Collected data
*** Block opens ***
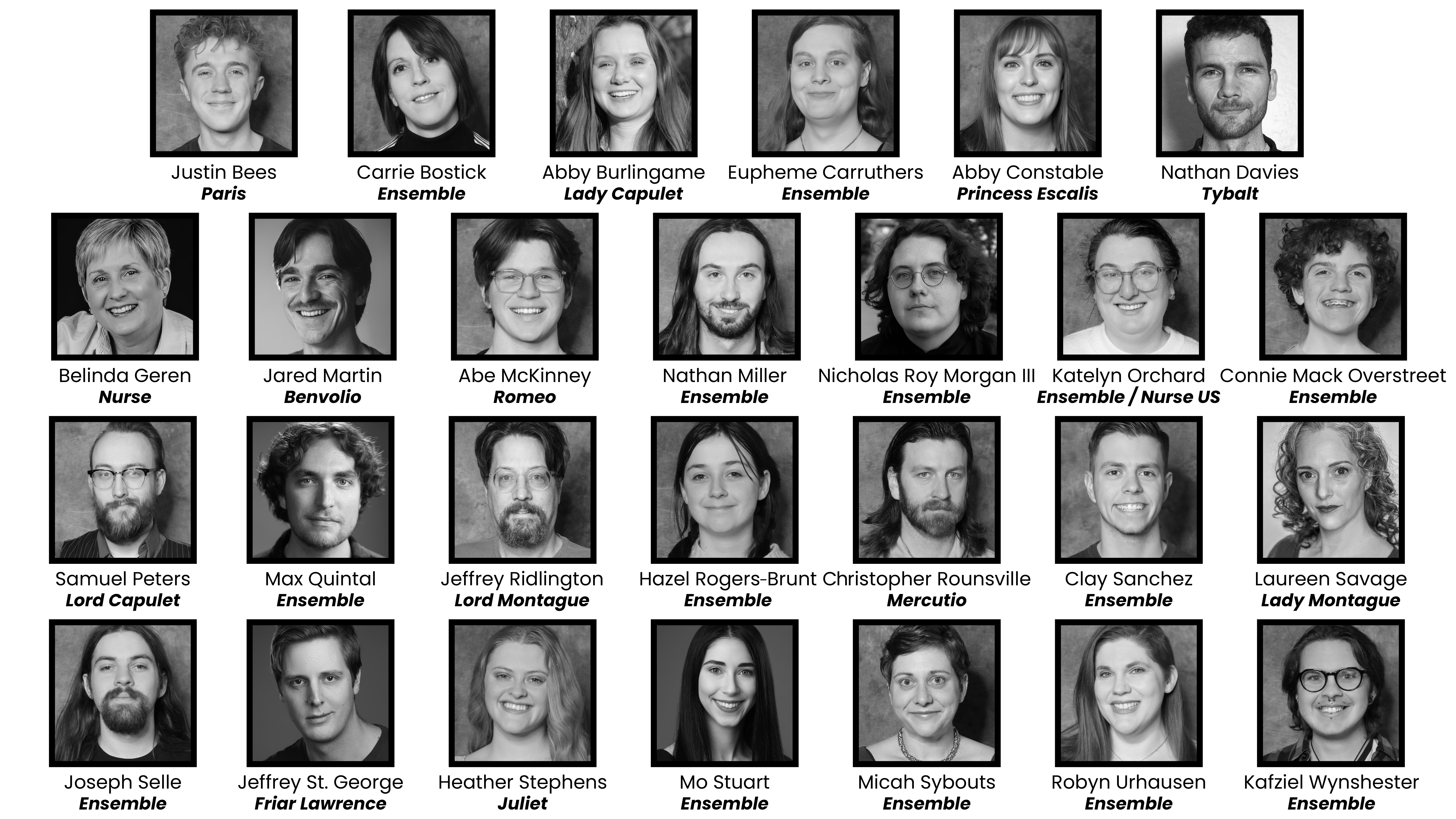 Christopher Rounsville (Mercutio) is a graduate of Eastern Washington University where he honed his craft and developed a deep appreciation for the arts. Following his academic journey, where he performed both on and backstage in numerous productions including several Shakespeare shows, he spent time with the Kingsman Shakespeare Company, further expanding his experience and passion for classical theater. Christopher is deeply grateful for the unwavering support of his friends and family, whose encouragement has been invaluable in every step of the artistic journey.
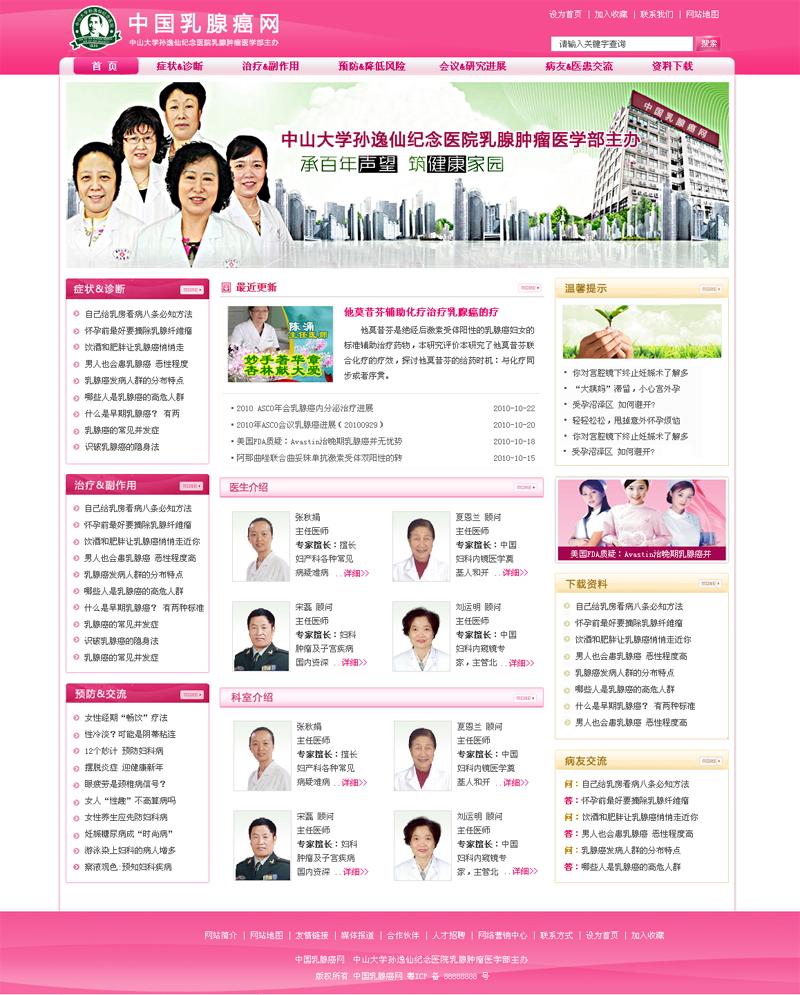 項目名稱:中山大學孫逸仙紀念醫(yī)院乳腺腫瘤科網(wǎng)站建設簽定日期:2010年10月30日網(wǎng)站首頁設計稿:(縮略圖)
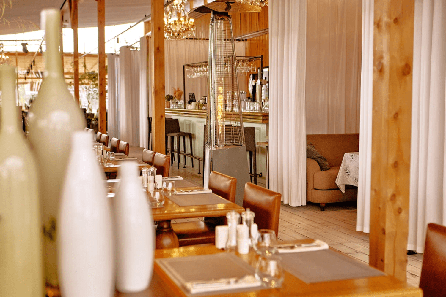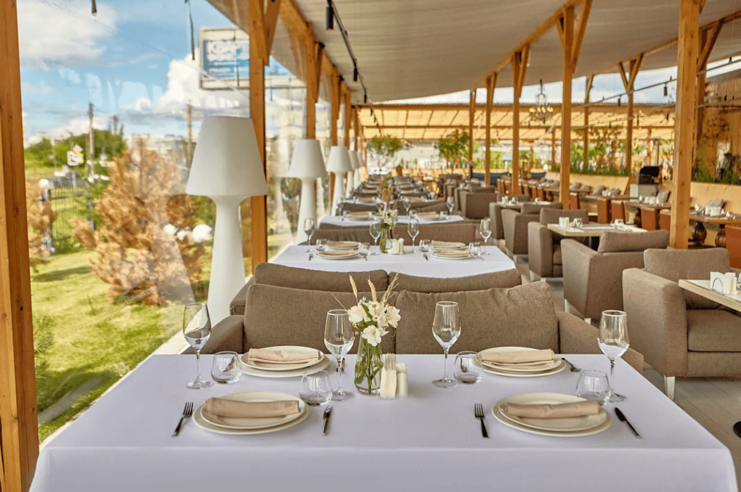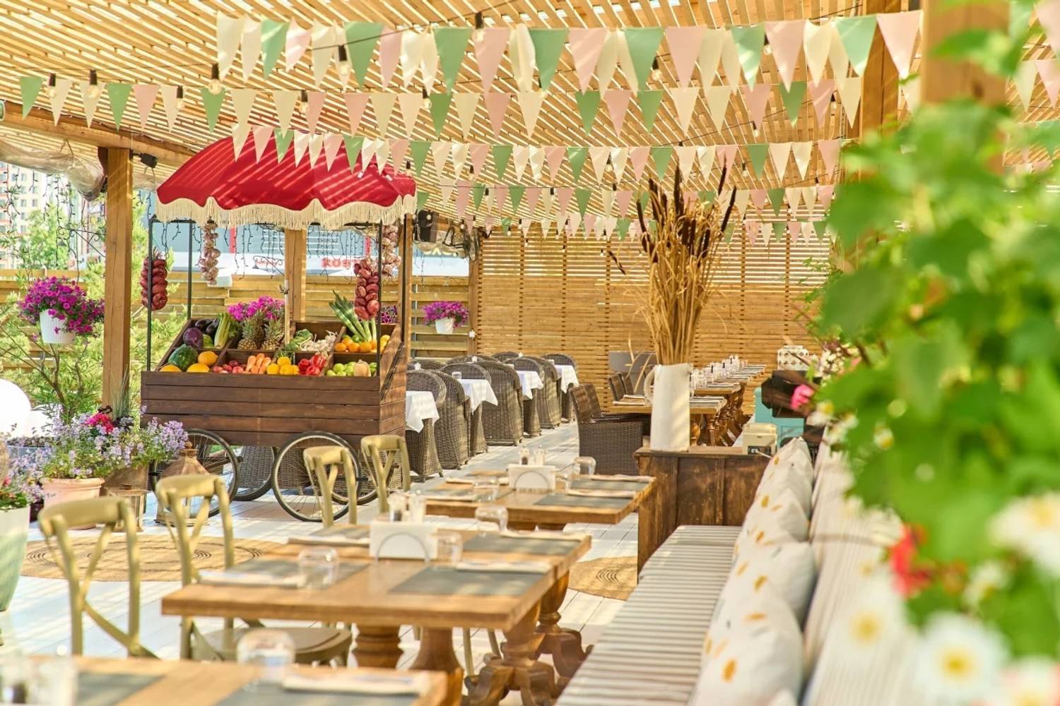 Атмосфера. Просторный зал и летняя терраса навевают мысли о лете в любое время года. Яркие флажки неизменно поднимают настроение, а обилие природных материалов и яркий мягкий текстиль создают ощущение теплы, праздника и радости.
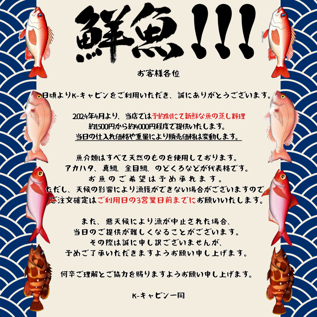 新鮮な天然魚をまるごと蒸し上げ、本格中国料理の味付けでご用意いたします。 魚の種類や価格はご相談ください。 ご予約をお忘れなく! (ご利用日の3営業日前まで)
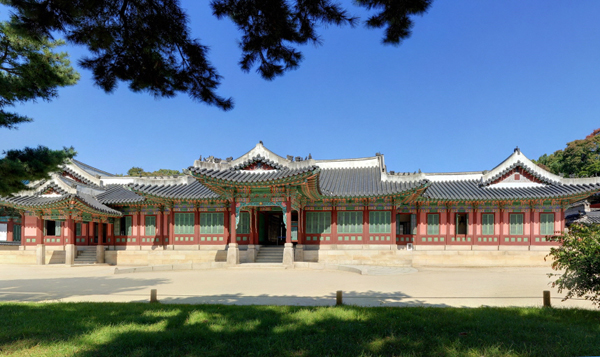 창덕궁 희정당 외부 전경.보물 제815호인 희정당은 대조전과 더불어 조선 시대 왕과 왕비가 생활하던 창덕궁의 내전 영역에 속하며, ‘밝은 정사를 펼치다’라는 의미를 담고 있는 전각이다.
*** Block closes ***
Work task: Copy exactly the lines from the one containing "Атмосфера. Просторный зал" through the final line of the records above, both included, and leave out any pictures.

Exercise answer:
 Атмосфера. Просторный зал и летняя терраса навевают мысли о лете в любое время года. Яркие флажки неизменно поднимают настроение, а обилие природных материалов и яркий мягкий текстиль создают ощущение теплы, праздника и радости.
 新鮮な天然魚をまるごと蒸し上げ、本格中国料理の味付けでご用意いたします。 魚の種類や価格はご相談ください。 ご予約をお忘れなく! (ご利用日の3営業日前まで)
 창덕궁 희정당 외부 전경.보물 제815호인 희정당은 대조전과 더불어 조선 시대 왕과 왕비가 생활하던 창덕궁의 내전 영역에 속하며, ‘밝은 정사를 펼치다’라는 의미를 담고 있는 전각이다.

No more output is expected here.